XML 30 R9.htm IDEA: XBRL DOCUMENT v3.3.0.814
Impairment of Long-Lived Assets
3 Months Ended
Aug. 31, 2015
Impairment of Long-Lived Assets

NOTE C – Impairment of Long-Lived Assets

We review the carrying value of our long-lived assets, including intangible assets with finite useful lives, for impairment whenever events or changes in circumstances indicate that the carrying value of an asset or asset group may not be recoverable.

Impairment testing involves a comparison of the sum of the undiscounted future cash flows of the asset or asset group to its respective carrying amount. If the sum of the undiscounted future cash flows exceeds the carrying amount, then no impairment exists.
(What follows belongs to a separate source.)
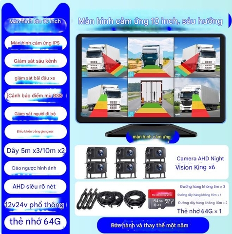 Máy ghi hình lái xe tải 12v, 24v [Sáu hướng] Màn hình cảm ứng siêu nét 10 inch + cảnh báo điểm mù + 64G

If the carrying amount exceeds the sum of the undiscounted future cash flows, then a second step is performed to determine the amount of impairment, which would be recorded as an impairment charge in our consolidated statements of earnings.

On March 24, 2015, the Company announced its decision to close its Engineered Cabs facility in Florence, South Carolina. During the first quarter of fiscal 2016, management finalized its plan to close the facility and transfer the majority of the business to its Engineered Cabs facility in Greeneville, Tennessee. Certain machinery and equipment will be transferred to the Greeneville facility to support higher volume and the remaining long-lived assets will be liquidated. For the assets to be liquidated, this represents a change in intended use. As a result, management evaluated the recoverability of these assets and determined that long-lived assets with a carrying value of $4,059,000 were no longer recoverable and were in fact impaired. As a result, these long-lived assets were written down to their estimated fair value of $1,059,000 resulting in an impairment charge of $3,000,000 during the three months ended August 31, 2015. The Company ceased production at the Florence facility on September 30, 2015.

As a result of the substantial fall in oil prices, management determined that the long-lived assets related to its oil and gas equipment business in Pressure Cylinders might be impaired. However, the Company’s estimate of the undiscounted future cash flows for each of its five oil and gas equipment facilities indicated that the carrying amounts were expected to be recovered. The estimated undiscounted future cash flows for each plant were significantly higher than their respective carrying values except for the Garden City, Kansas, location, which had total long-lived assets of $36,687,000 at August 31, 2015. The estimated undiscounted future cash flows for this location exceeded book value by less than 5%. It is possible that in the future the estimate of undiscounted cash flows may change resulting in the need to write down these assets to fair value.